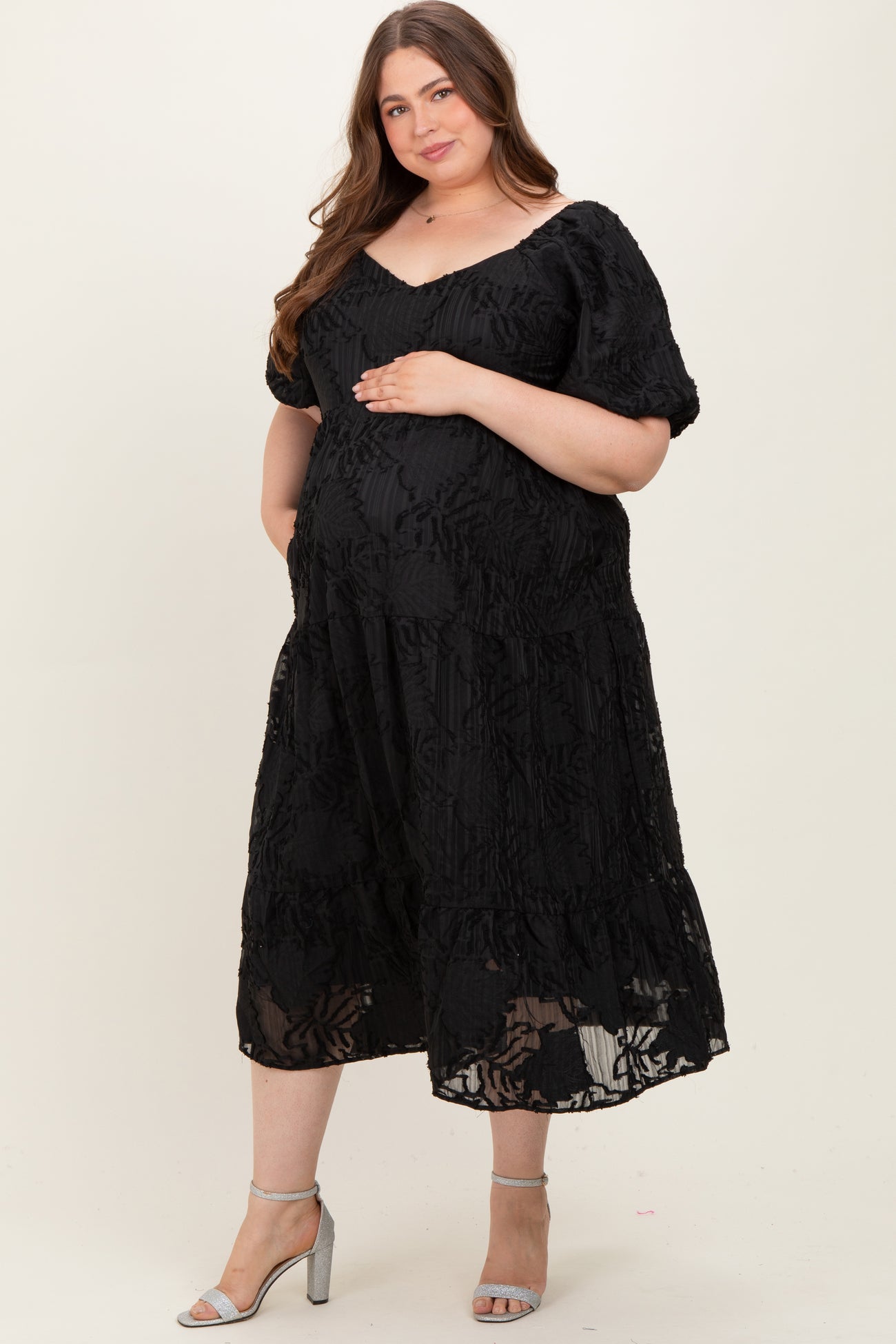 Step into elegance with our Black Leaf Textured Tiered Maternity Plus Midi Dress. Designed to flatter your growing bump, this dress features a delicate leaf-textured fabric that adds subtle dimension and style. The tiered silhouette creates a flowy, comfortable fit, perfect for any occasion—from casual outings to special events. Puff sleeves and a sweetheart neckline add a touch of feminine charm, while convenient side pockets bring practicality. Made for plus-size mamas, this midi-length dress offers comfort, breathability, and effortless style throughout your pregnancy journey.
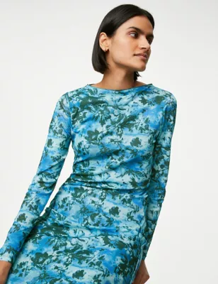 Mesh Jersey Printed Midi Column Dress
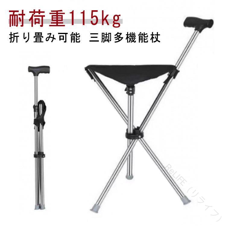 年寄り 男性 女性 休憩 滑り止め チェアー 歩行補助 ステッキ 自立式 椅子 イス 軽量 三脚 折・・・
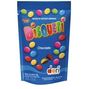 Pacote contendo 120 gramas do delicioso confeito colorido de chocolate ao leite Disqueti.
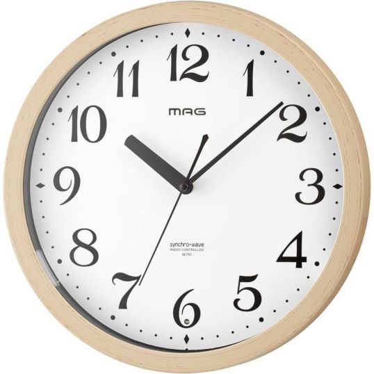 MAG マグ 掛け時計 電波時計 自動点灯 木目調 ナチュラル アナログ 灯 トモル 夜間秒針停止 W-791N-Z
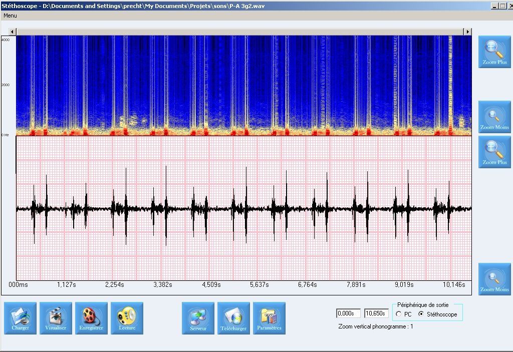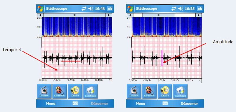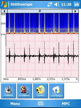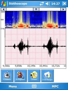visualisation du son auscultatoire sur l’écran et restitution audio.
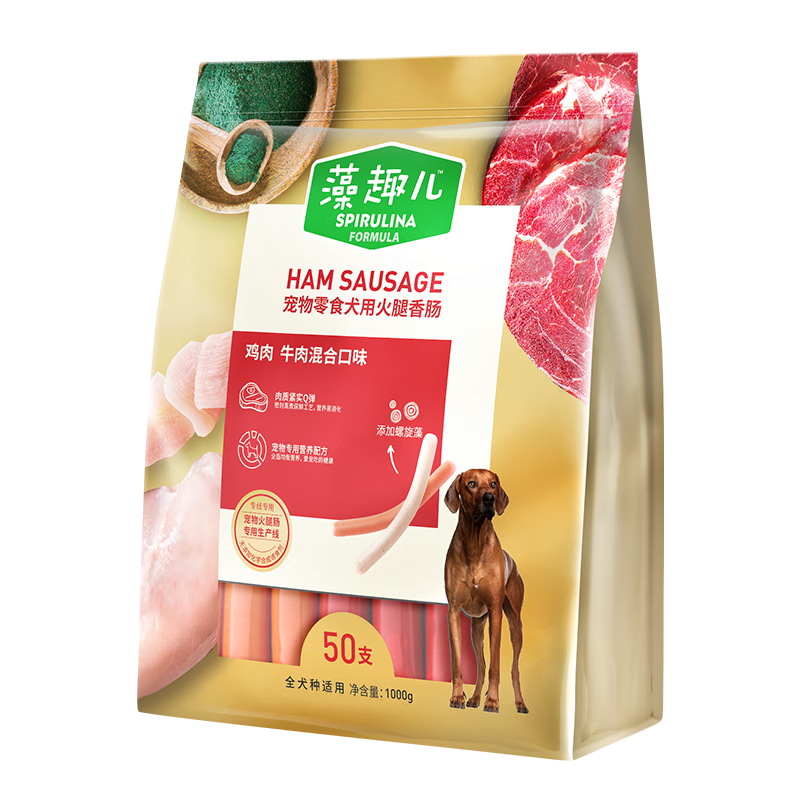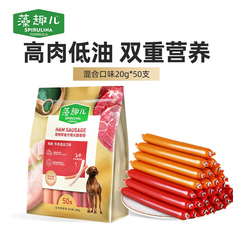 藻趣儿宠物狗零食 狗狗火腿肠高优肉质互动奖励 成犬幼犬通用 混合口味20g*50支
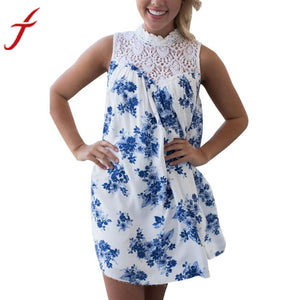 2017 Beachwear Summer Dress Women Sleeveless Blue Floral Printed Lace Splice Casual Beach Evening Sundress vestido de festa
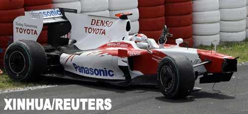 5月10日,豐田車隊車手特魯利駕駛的賽車發(fā)生碰撞后停下。當(dāng)日,F(xiàn)1西班牙大獎賽落幕,布朗GP車隊的英國車手巴頓奪得冠軍。新華社/路透
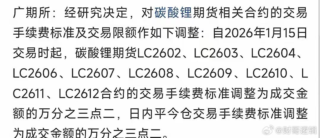 碳酸锂迎来重大利好,锂电池板块又要冲一波了广期所2026年1月15日起对碳酸锂期货10个合约的手续费与交易限额调整,平今仓手续费均调为成交金额的万分之3.2,此前远期合约多为万分之1.6 。也就是说手续费增加了一倍。就是明摆着告诉投资者碳酸锂的价格不会有太大的波动了,可以拉涨了。这招就是为了抑制高频交易,短线投机。投机降温后价格更贴基本面,趋势更清晰,投资者可以放心进入碳酸锂所在的产品里面投资,也就是锂电池板块。今天下午光伏突然的拉升可能就和这个消息有关,就看明天能否继续上涨了。
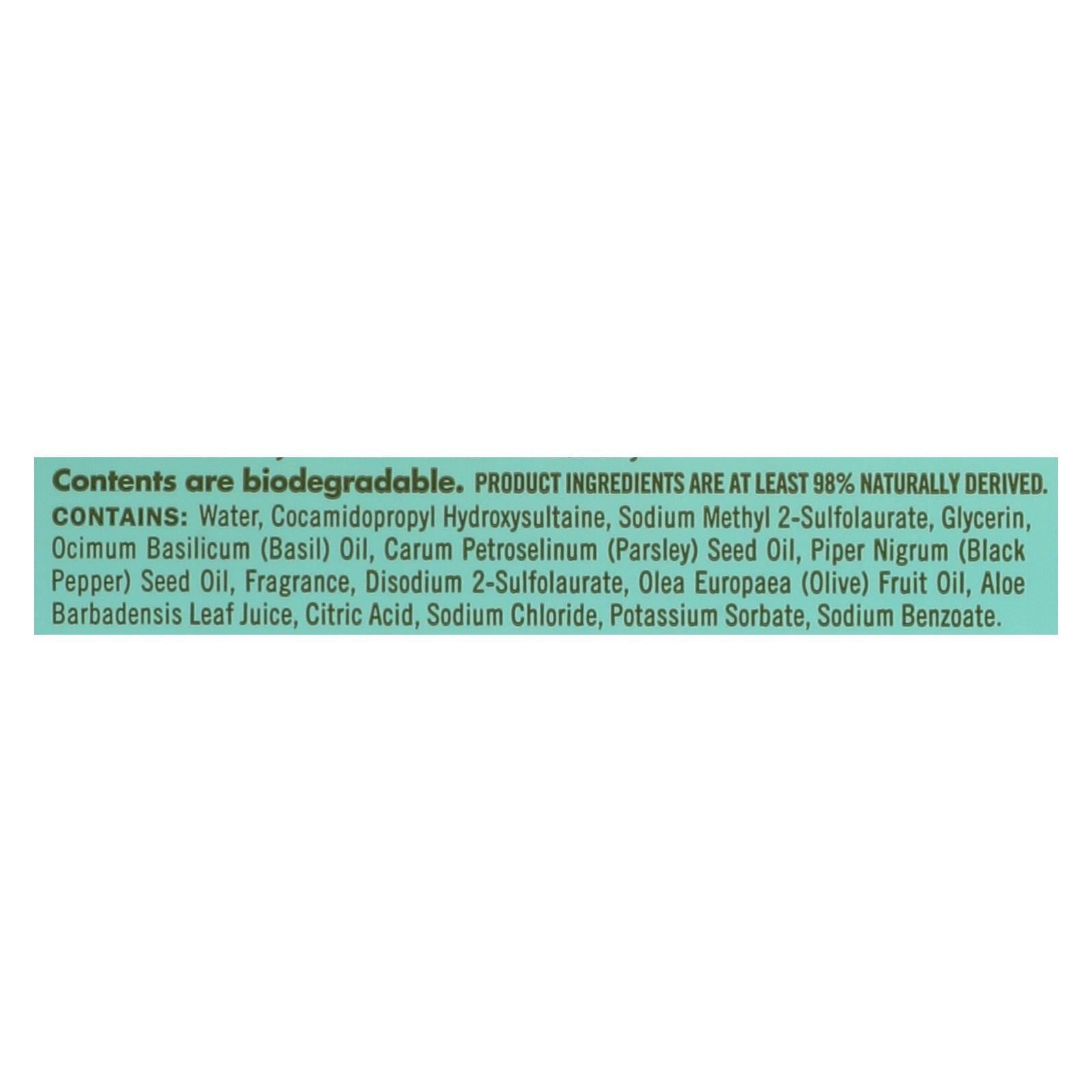 ingredients : water;cocamidopropyl hydroxysultaine;sodium methyl 2-sulfolaurate;glycerin;ocimum basilicum;basil;oil;carum petroselinum;parsley;seed oil;piper nigrum;black pepper;fragrance;disodium 2-sulfolaurate;olea europaea;olive;fruit oil;aloe barbadensis leaf juice;citric acid;sodium chloride;potassium sorbate;sodium benzoate
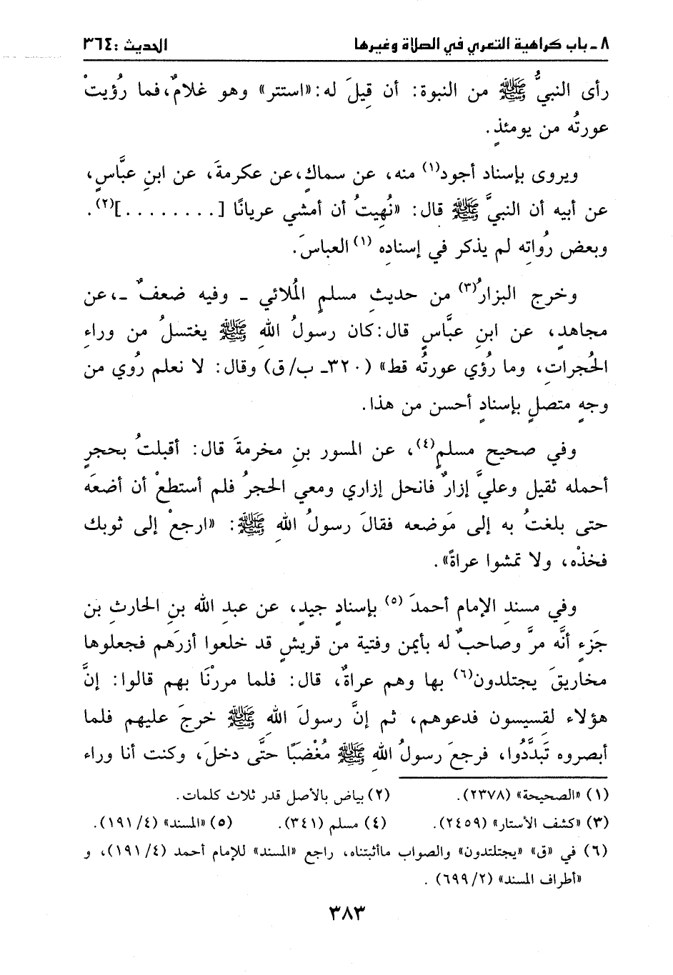 وفي ((مسند الإمام أحمد)) بإسناد جيد، عن عبد الله بن الحارث بن جزء، أنه مر وصاحب له بأيمن وفتية من قريش قد خلعوا أزرهم، فجعلوها مخاريق يجتلدون بها وهم عراة، قال: فلما مررنا بهم قالوا: أن هؤلاء لقسيسون، فدعوهم أن رسول الله - صَلَّى اللهُ عَلَيْهِ وَسَلَّمَ -، خرج عليهم، فلما أبصروه تبددوا، فرجع رسول الله - صَلَّى اللهُ عَلَيْهِ وَسَلَّمَ - مغضبا حتى دخل، وكنت أنا وراء
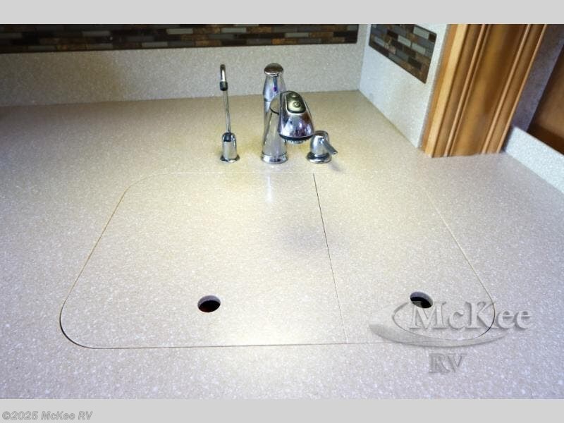 Bathroom: Large shower, vanity, and porcelain toilet for at-home convenience on the road.
- - -
Leave out every picture and copy, exactly as written, the lines from the one with "Mesh Jersey Printed Midi Column Dress" through the end of the records above.

PROBLEM SOLUTION:
 Mesh Jersey Printed Midi Column Dress
 年寄り 男性 女性 休憩 滑り止め チェアー 歩行補助 ステッキ 自立式 椅子 イス 軽量 三脚 折・・・
 Pacote contendo 120 gramas do delicioso confeito colorido de chocolate ao leite Disqueti.
 MAG マグ 掛け時計 電波時計 自動点灯 木目調 ナチュラル アナログ 灯 トモル 夜間秒針停止 W-791N-Z
visualisation du son auscultatoire sur l’écran et restitution audio.
 藻趣儿宠物狗零食 狗狗火腿肠高优肉质互动奖励 成犬幼犬通用 混合口味20g*50支
 2017 Beachwear Summer Dress Women Sleeveless Blue Floral Printed Lace Splice Casual Beach Evening Sundress vestido de festa
 5月10日,豐田車隊車手特魯利駕駛的賽車發(fā)生碰撞后停下。當(dāng)日,F(xiàn)1西班牙大獎賽落幕,布朗GP車隊的英國車手巴頓奪得冠軍。新華社/路透
 碳酸锂迎来重大利好,锂电池板块又要冲一波了广期所2026年1月15日起对碳酸锂期货10个合约的手续费与交易限额调整,平今仓手续费均调为成交金额的万分之3.2,此前远期合约多为万分之1.6 。也就是说手续费增加了一倍。就是明摆着告诉投资者碳酸锂的价格不会有太大的波动了,可以拉涨了。这招就是为了抑制高频交易,短线投机。投机降温后价格更贴基本面,趋势更清晰,投资者可以放心进入碳酸锂所在的产品里面投资,也就是锂电池板块。今天下午光伏突然的拉升可能就和这个消息有关,就看明天能否继续上涨了。
 ingredients : water;cocamidopropyl hydroxysultaine;sodium methyl 2-sulfolaurate;glycerin;ocimum basilicum;basil;oil;carum petroselinum;parsley;seed oil;piper nigrum;black pepper;fragrance;disodium 2-sulfolaurate;olea europaea;olive;fruit oil;aloe barbadensis leaf juice;citric acid;sodium chloride;potassium sorbate;sodium benzoate
 وفي ((مسند الإمام أحمد)) بإسناد جيد، عن عبد الله بن الحارث بن جزء، أنه مر وصاحب له بأيمن وفتية من قريش قد خلعوا أزرهم، فجعلوها مخاريق يجتلدون بها وهم عراة، قال: فلما مررنا بهم قالوا: أن هؤلاء لقسيسون، فدعوهم أن رسول الله - صَلَّى اللهُ عَلَيْهِ وَسَلَّمَ -، خرج عليهم، فلما أبصروه تبددوا، فرجع رسول الله - صَلَّى اللهُ عَلَيْهِ وَسَلَّمَ - مغضبا حتى دخل، وكنت أنا وراء
 Bathroom: Large shower, vanity, and porcelain toilet for at-home convenience on the road.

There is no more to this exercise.